Entrada Therapeutics (TRDA) TD Cowen 46th Annual Health Care Conference summary

Key program updates and clinical milestones

• Four clinical readouts expected in 2026 from DMD and DM1 programs, with two DMD exon 44 data points in Q2 and year-end, and DM1 phase II MAD study readout mid-year.

• Expansion into ocular diseases, led by the Usher syndrome program, with IND-enabling studies planned for 2026.

• Five clinical-stage programs anticipated by year-end, with ex-U.S. DMD data supporting a U.S. Accelerated Approval pathway.

• Cash runway extends into Q3 2027, excluding up to $485 million in DM1 milestones from Vertex partnership.

• ENTR-601-44 first cohort data at 6 mg/kg expected Q2, second cohort at 12 mg/kg by year-end; 45 program data expected mid-2026.

Differentiation, strategy, and commercial outlook

• Proprietary EEV platform combined with novel PMO conjugates enables best-in-class muscle uptake and safety.

• Lower drug exposure reduces anti-drug antibody risk and cost of goods.

• Double-digit dystrophin production targeted for exon 44; aim to surpass 25% dystrophin at higher doses, exceeding competitors.

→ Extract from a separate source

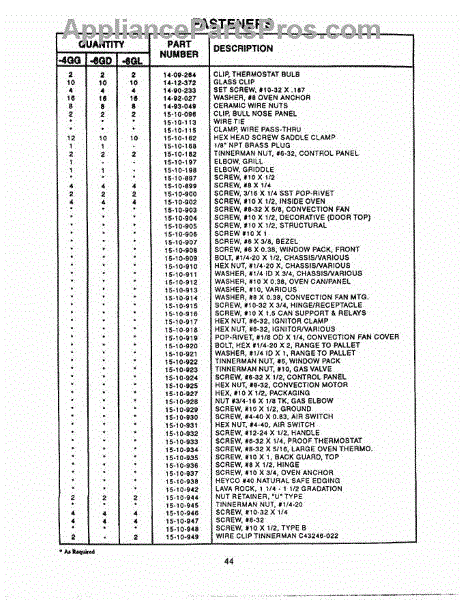 Parts for Thermador PRDS484GD: 43 - Fasteners Parts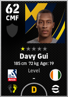 . Davy Gui is a Center Midfielder footballer from Côte D'ivoire who plays for Fc Alverca in eFootball 2026.

• DMD market opportunity estimated at $5 billion in the U.S., with significant unmet need and limited competition.

• Seven-fold improvements in preclinical models over competitors, supporting a differentiated clinical profile.

Regulatory and partnership insights

• Ex-U.S. studies designed with FDA input to harmonize protocols; plan to approach FDA with safety and efficacy data in Q2/Q3.

• Confidence in FDA support for Accelerated Approval based on established safety and anticipated efficacy.

• Vertex partnership for DM1 provides up to $485 million in milestones and clear division of responsibilities.

• Joint Steering Committee ensures ongoing collaboration and communication with Vertex.

• Open to future BD deals if partners are committed and aligned on patient-focused goals.